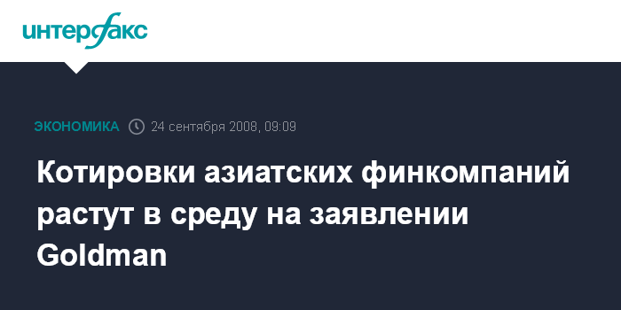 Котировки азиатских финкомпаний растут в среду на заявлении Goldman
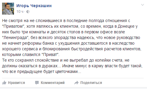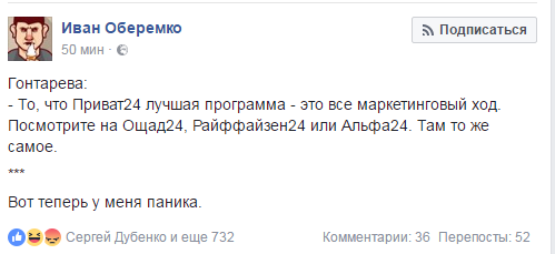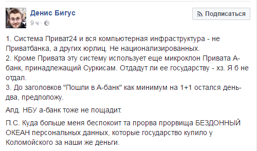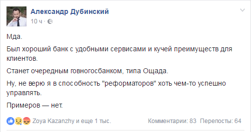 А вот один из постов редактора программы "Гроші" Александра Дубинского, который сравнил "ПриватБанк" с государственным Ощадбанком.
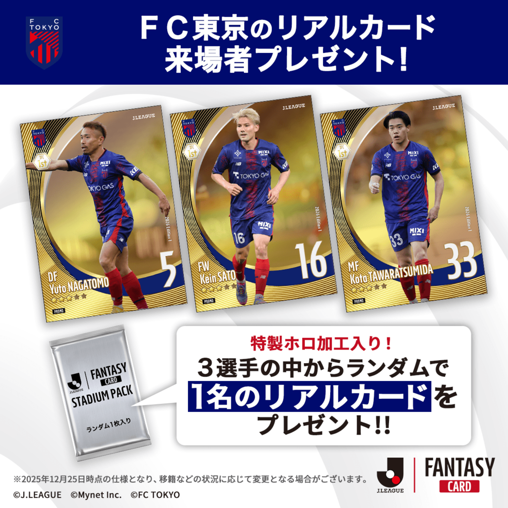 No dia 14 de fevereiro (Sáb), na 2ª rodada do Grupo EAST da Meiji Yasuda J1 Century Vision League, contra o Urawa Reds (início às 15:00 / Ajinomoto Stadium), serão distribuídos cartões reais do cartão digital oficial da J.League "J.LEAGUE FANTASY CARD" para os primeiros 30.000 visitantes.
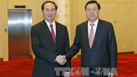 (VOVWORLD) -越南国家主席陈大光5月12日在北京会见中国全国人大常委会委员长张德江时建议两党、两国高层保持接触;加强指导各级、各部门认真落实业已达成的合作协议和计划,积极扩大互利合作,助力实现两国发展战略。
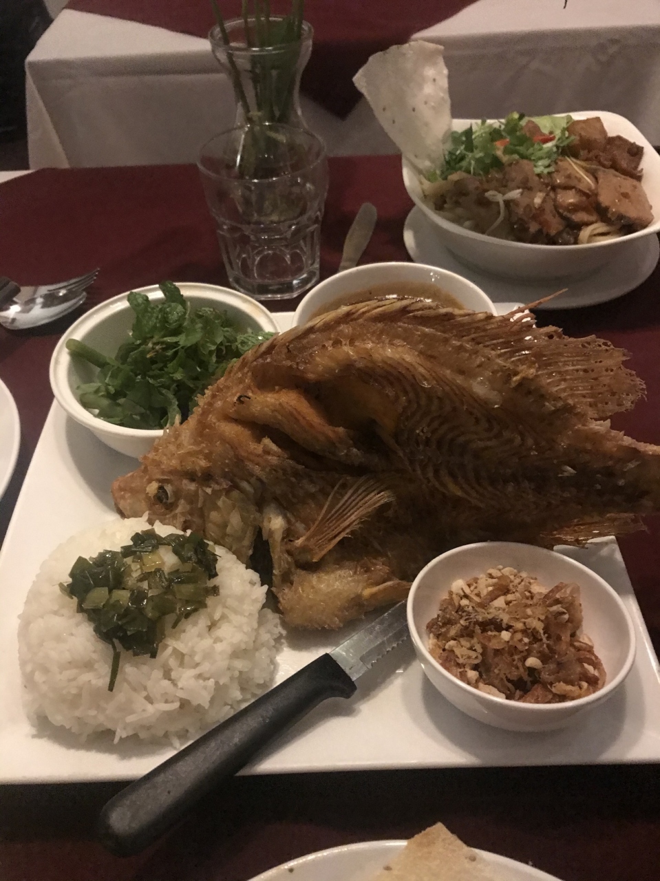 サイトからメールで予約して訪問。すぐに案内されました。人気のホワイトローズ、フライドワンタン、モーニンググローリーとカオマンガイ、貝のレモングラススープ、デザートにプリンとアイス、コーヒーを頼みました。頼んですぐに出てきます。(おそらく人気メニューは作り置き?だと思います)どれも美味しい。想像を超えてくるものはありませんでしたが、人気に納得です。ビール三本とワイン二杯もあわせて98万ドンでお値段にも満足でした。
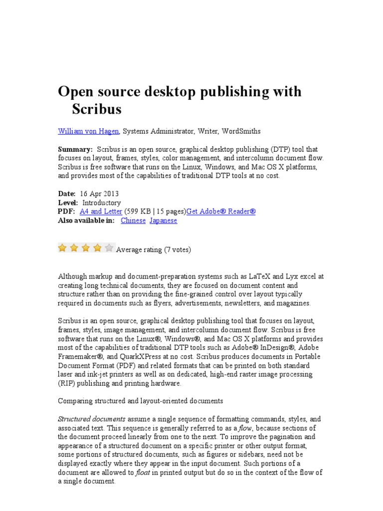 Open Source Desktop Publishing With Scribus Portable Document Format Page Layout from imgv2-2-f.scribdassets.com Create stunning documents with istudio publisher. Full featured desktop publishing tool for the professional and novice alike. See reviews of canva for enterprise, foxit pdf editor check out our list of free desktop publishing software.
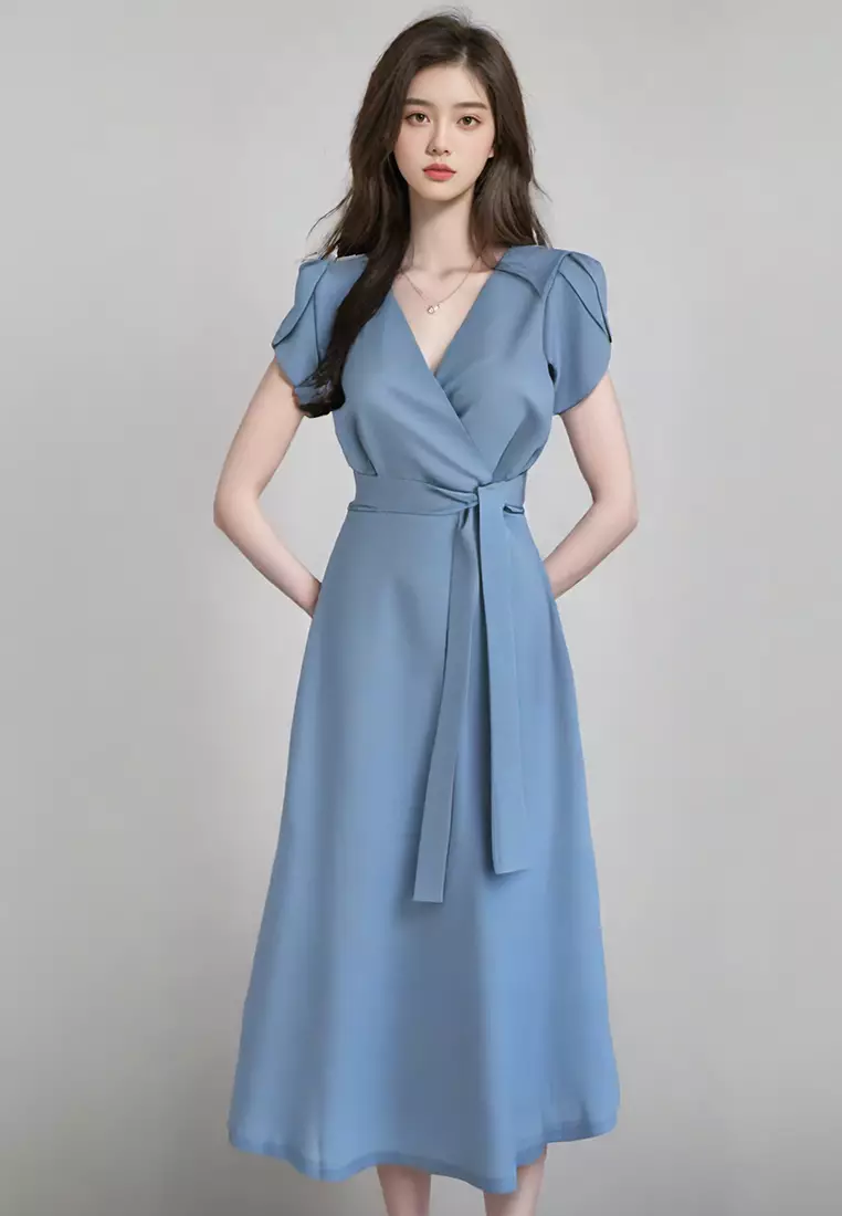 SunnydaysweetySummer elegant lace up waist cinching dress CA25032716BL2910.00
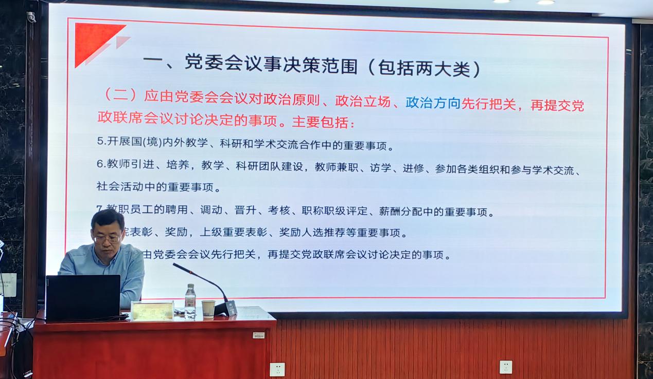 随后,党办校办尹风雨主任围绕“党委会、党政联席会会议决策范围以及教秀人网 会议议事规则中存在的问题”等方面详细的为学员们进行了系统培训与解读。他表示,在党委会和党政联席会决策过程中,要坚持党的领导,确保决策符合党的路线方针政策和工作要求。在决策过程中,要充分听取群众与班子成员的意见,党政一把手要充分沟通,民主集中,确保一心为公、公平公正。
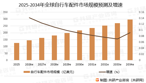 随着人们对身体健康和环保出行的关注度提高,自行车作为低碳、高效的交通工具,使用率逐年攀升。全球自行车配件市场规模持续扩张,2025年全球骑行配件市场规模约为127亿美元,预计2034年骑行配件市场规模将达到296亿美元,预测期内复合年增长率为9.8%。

==

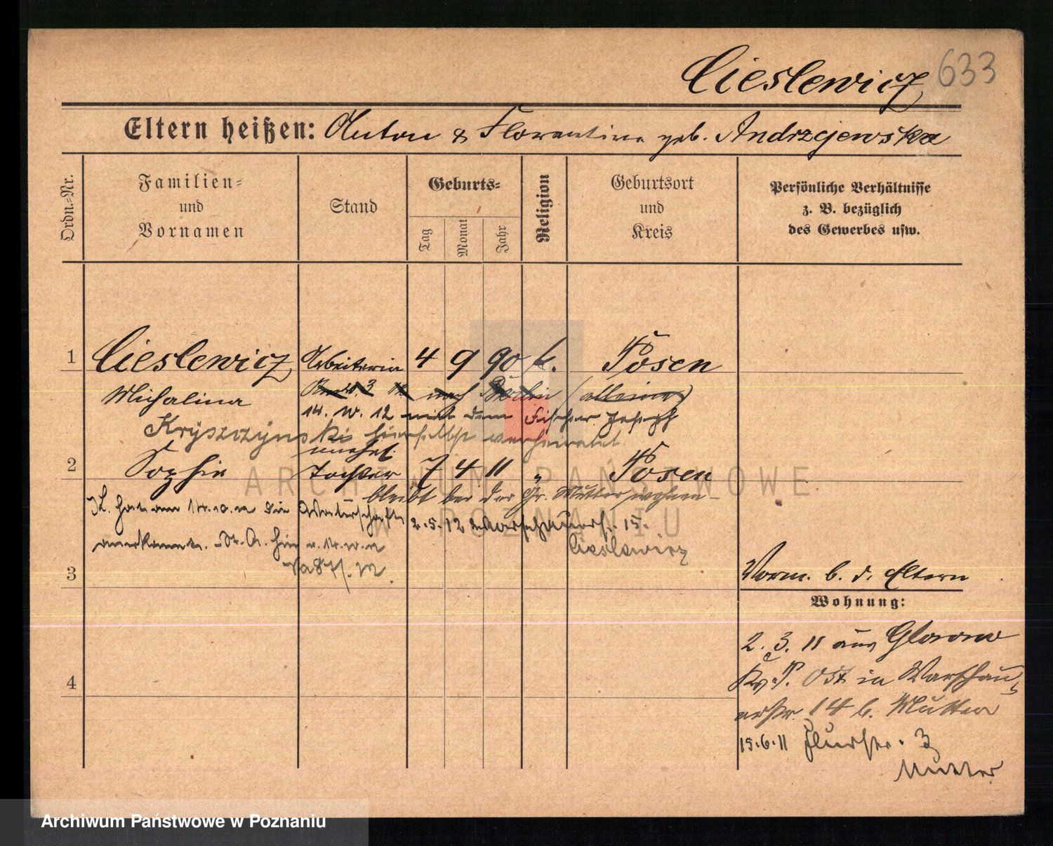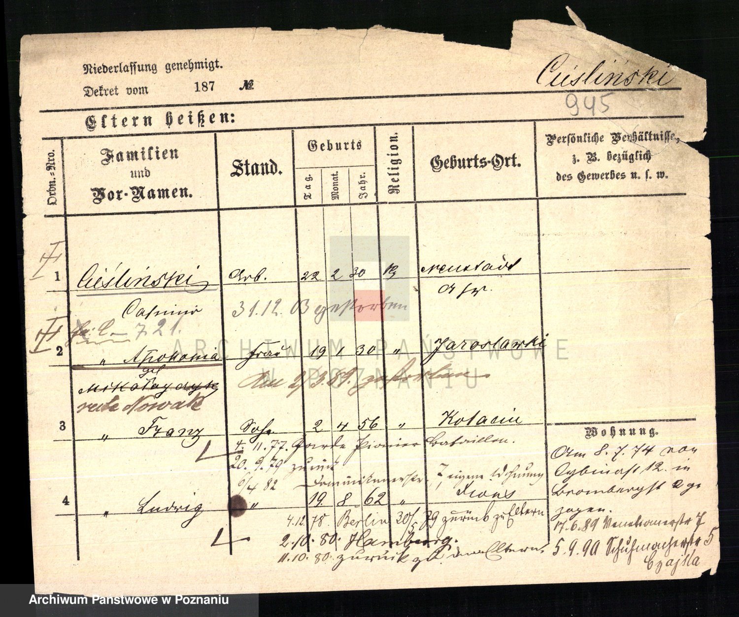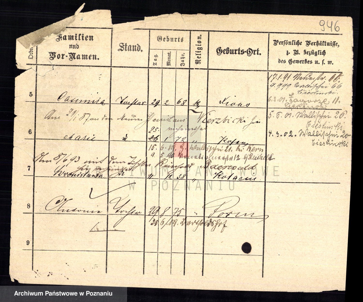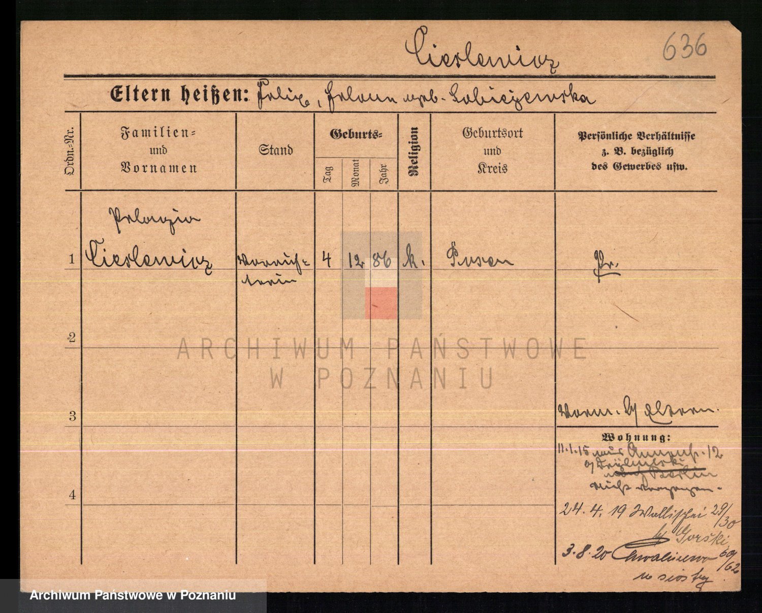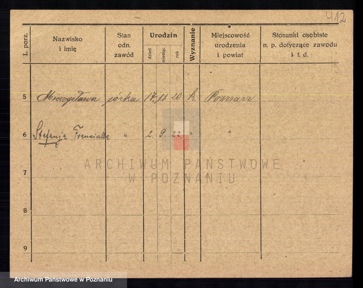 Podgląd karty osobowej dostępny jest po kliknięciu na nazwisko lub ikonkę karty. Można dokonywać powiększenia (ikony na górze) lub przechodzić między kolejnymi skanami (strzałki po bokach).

Assigned task:
Using the material above, reproduce only the lines that run from the line with "No dia 14 de" up to and including the line with "サイトからメールで予約して訪", exactly, with the pictures dropped.

Task response:
 No dia 14 de fevereiro (Sáb), na 2ª rodada do Grupo EAST da Meiji Yasuda J1 Century Vision League, contra o Urawa Reds (início às 15:00 / Ajinomoto Stadium), serão distribuídos cartões reais do cartão digital oficial da J.League "J.LEAGUE FANTASY CARD" para os primeiros 30.000 visitantes.
 (VOVWORLD) -越南国家主席陈大光5月12日在北京会见中国全国人大常委会委员长张德江时建议两党、两国高层保持接触;加强指导各级、各部门认真落实业已达成的合作协议和计划,积极扩大互利合作,助力实现两国发展战略。
 サイトからメールで予約して訪問。すぐに案内されました。人気のホワイトローズ、フライドワンタン、モーニンググローリーとカオマンガイ、貝のレモングラススープ、デザートにプリンとアイス、コーヒーを頼みました。頼んですぐに出てきます。(おそらく人気メニューは作り置き?だと思います)どれも美味しい。想像を超えてくるものはありませんでしたが、人気に納得です。ビール三本とワイン二杯もあわせて98万ドンでお値段にも満足でした。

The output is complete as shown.